Your instructions -
Excluding images, repeat the data exactly as given.

Excerpted records -
____________________
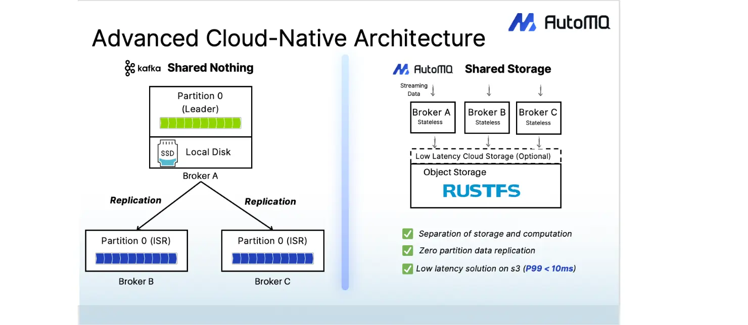 - Extreme Cost Optimization : AutoMQ, with its compute-storage separation architecture, can save up to 90% on Kafka TCO and, through multi-point read/write architecture optimization, completely avoids expensive cross-Availability Zone (AZ) traffic. RustFS's lightweight architecture has low hardware requirements, and combined with the Apache 2.0 friendly license, further reduces storage and software licensing costs.
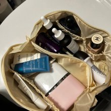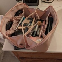 I've been using a clear plastic tub to organize my makeup for years, and I finally decided to invest in something new to keep everything in order. This bag was perfect! I bought the medium size since they were out of the large one, but it holds everything I need, including my big bottle of Micellar water. It will be great for keeping my cabinets organized and for travel as well. I'm hoping it will last and not deteriorate over time.
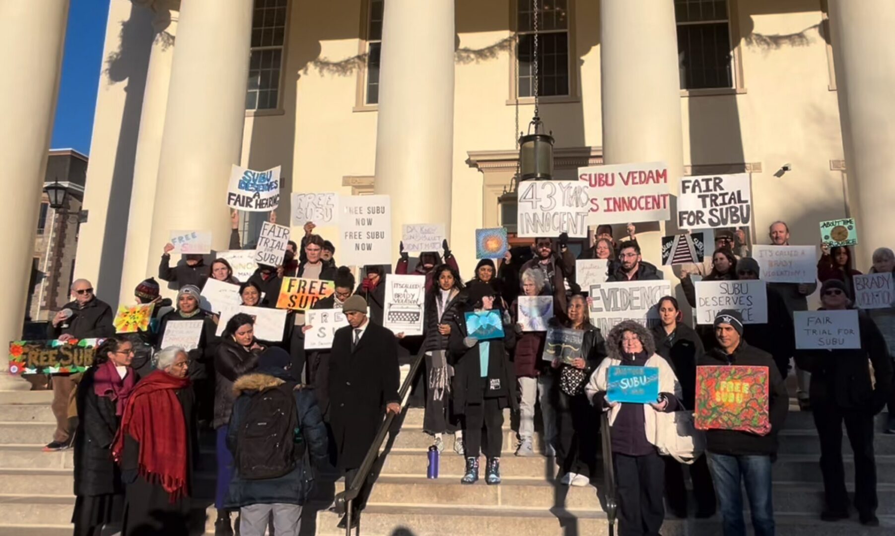 Supporters of Subu Vedam hold up signs outside the Centre County Courthouse on Friday, Feb. 7, 2025. Photo by Geoff Rushton | StateCollege.com
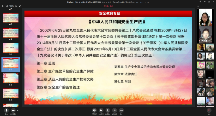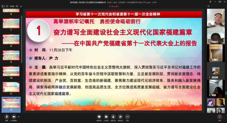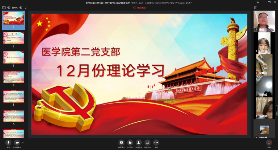 12月26日,为强化支部政治理论学习,加强党员同志作风建设和党风廉洁教育,树立安全责任意识,落实安全稳定工作。医学院第二党支部通过企业微信线上视频开展12月份主题党日活动暨理论学习会。会议围绕学习贯彻习近平法治思想、传达和学习省第十一次党代会和省委十一届一次全会精神、意识形态专题、安全教育和专题学习交流《中国共产党章程》(第七章 党的纪律)五个阶段展开。会议由医学院第二党支部书记朱杰老师主持,全体党员参加会议、入党积极分子列席会议。
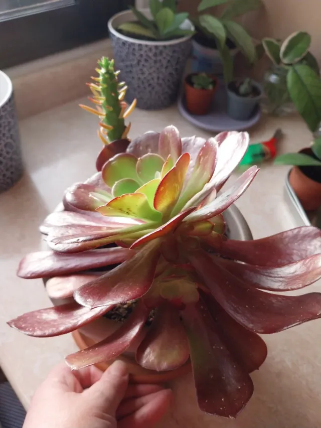 Planta suculenta de interior con hojas carnosas y un tallo central. - Hojas de color verde y rojizo. - Ideal para coleccionistas de suculentas.
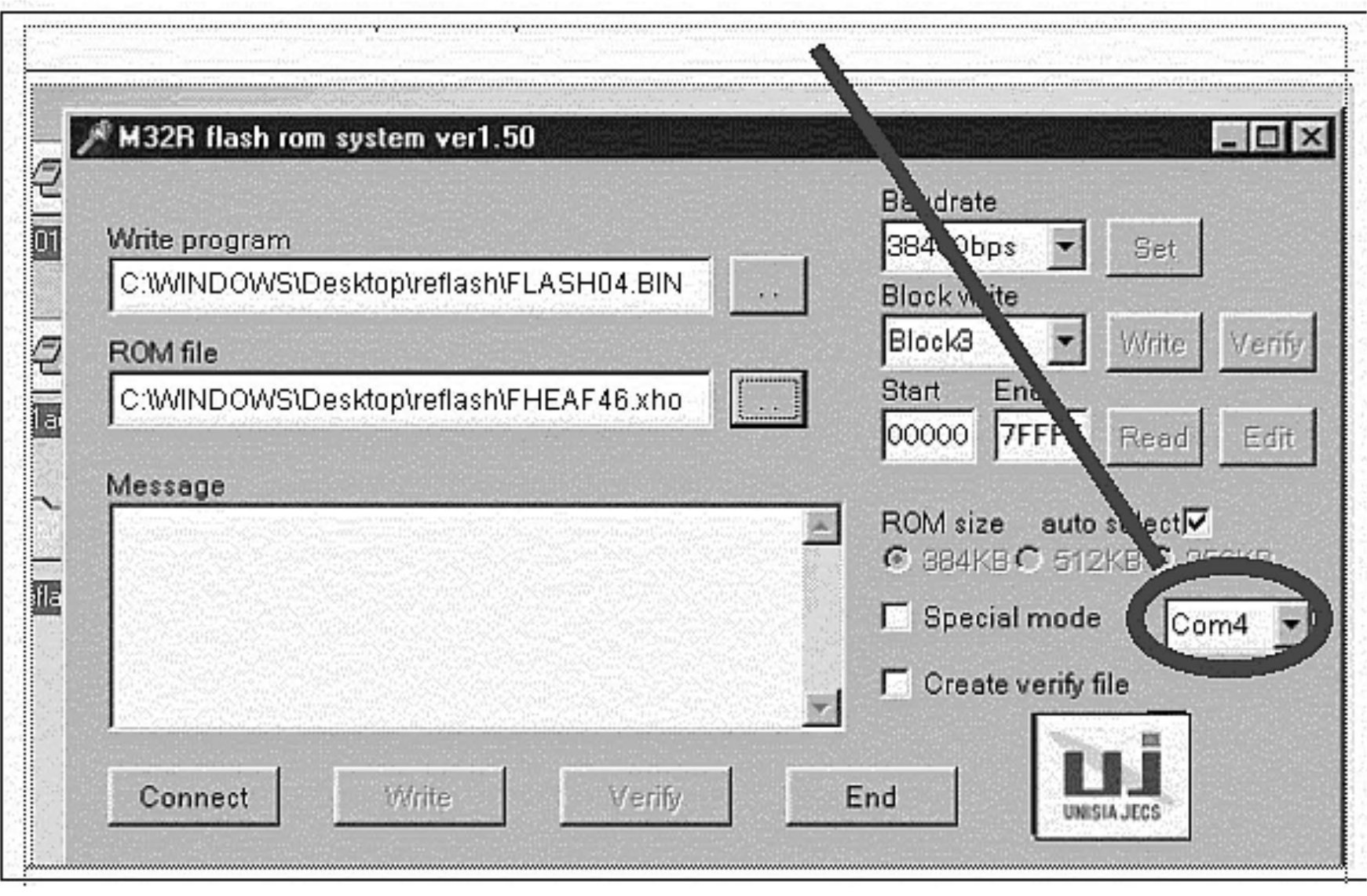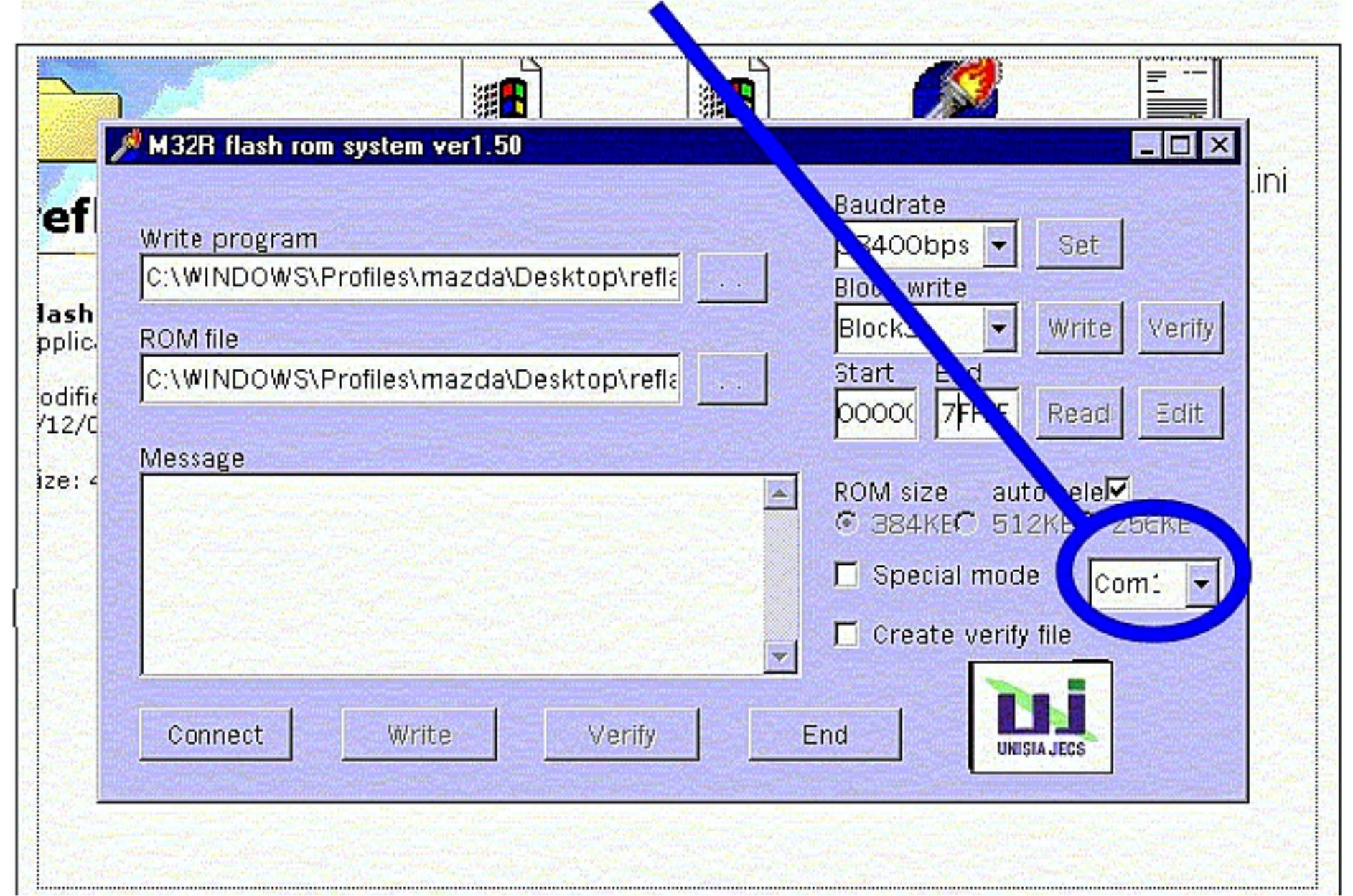 13. Select the correct Com port for your type of PC from the drop down menu:
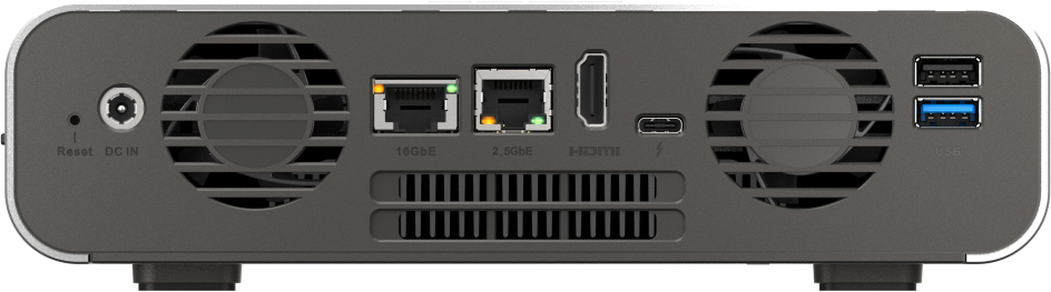 Хранилище оснащено сетевыми портами 2.5GbE и 10GbE, интерфейсом HDMI 1.4b, разъёмом USB 2.0, двумя портами USB 3.2 Gen2, а также двумя портами Thunderbolt 4, которые можно использовать для прямого подключения к рабочим станциям под управлением Windows и macOS.
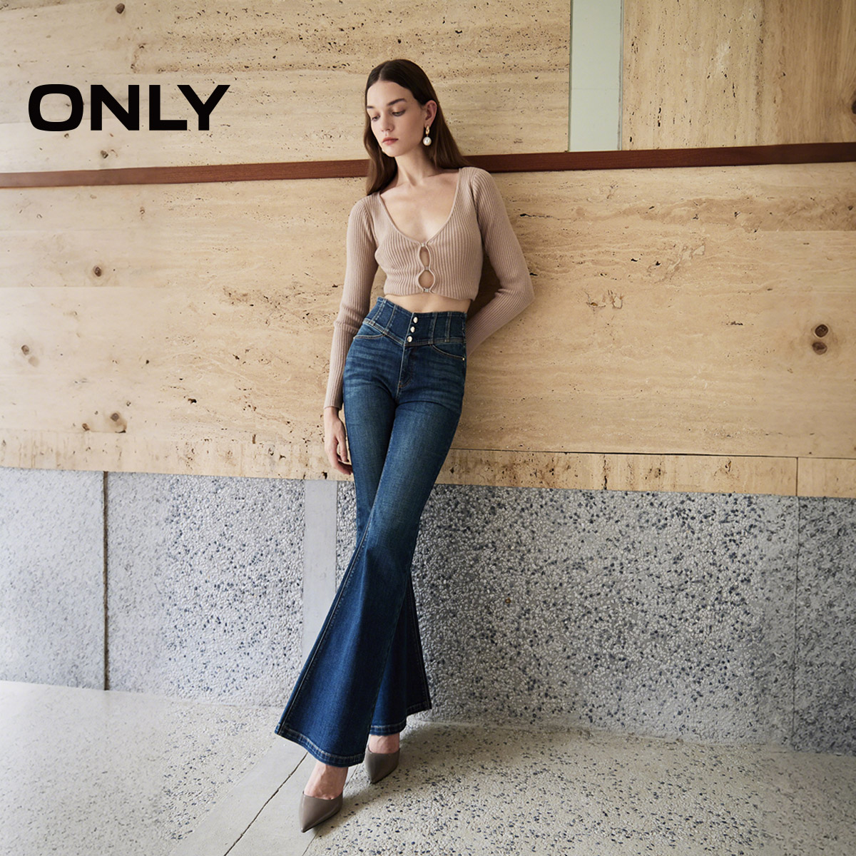 牛仔裤 ONLY2025秋季 复古水洗高腰喇叭裤 辣妹提臀小个子神裤 女 新款
____________________
Written response -
 - Extreme Cost Optimization : AutoMQ, with its compute-storage separation architecture, can save up to 90% on Kafka TCO and, through multi-point read/write architecture optimization, completely avoids expensive cross-Availability Zone (AZ) traffic. RustFS's lightweight architecture has low hardware requirements, and combined with the Apache 2.0 friendly license, further reduces storage and software licensing costs.
 I've been using a clear plastic tub to organize my makeup for years, and I finally decided to invest in something new to keep everything in order. This bag was perfect! I bought the medium size since they were out of the large one, but it holds everything I need, including my big bottle of Micellar water. It will be great for keeping my cabinets organized and for travel as well. I'm hoping it will last and not deteriorate over time.
 Supporters of Subu Vedam hold up signs outside the Centre County Courthouse on Friday, Feb. 7, 2025. Photo by Geoff Rushton | StateCollege.com
 12月26日,为强化支部政治理论学习,加强党员同志作风建设和党风廉洁教育,树立安全责任意识,落实安全稳定工作。医学院第二党支部通过企业微信线上视频开展12月份主题党日活动暨理论学习会。会议围绕学习贯彻习近平法治思想、传达和学习省第十一次党代会和省委十一届一次全会精神、意识形态专题、安全教育和专题学习交流《中国共产党章程》(第七章 党的纪律)五个阶段展开。会议由医学院第二党支部书记朱杰老师主持,全体党员参加会议、入党积极分子列席会议。
 Planta suculenta de interior con hojas carnosas y un tallo central. - Hojas de color verde y rojizo. - Ideal para coleccionistas de suculentas.
 13. Select the correct Com port for your type of PC from the drop down menu:
 Хранилище оснащено сетевыми портами 2.5GbE и 10GbE, интерфейсом HDMI 1.4b, разъёмом USB 2.0, двумя портами USB 3.2 Gen2, а также двумя портами Thunderbolt 4, которые можно использовать для прямого подключения к рабочим станциям под управлением Windows и macOS.
 牛仔裤 ONLY2025秋季 复古水洗高腰喇叭裤 辣妹提臀小个子神裤 女 新款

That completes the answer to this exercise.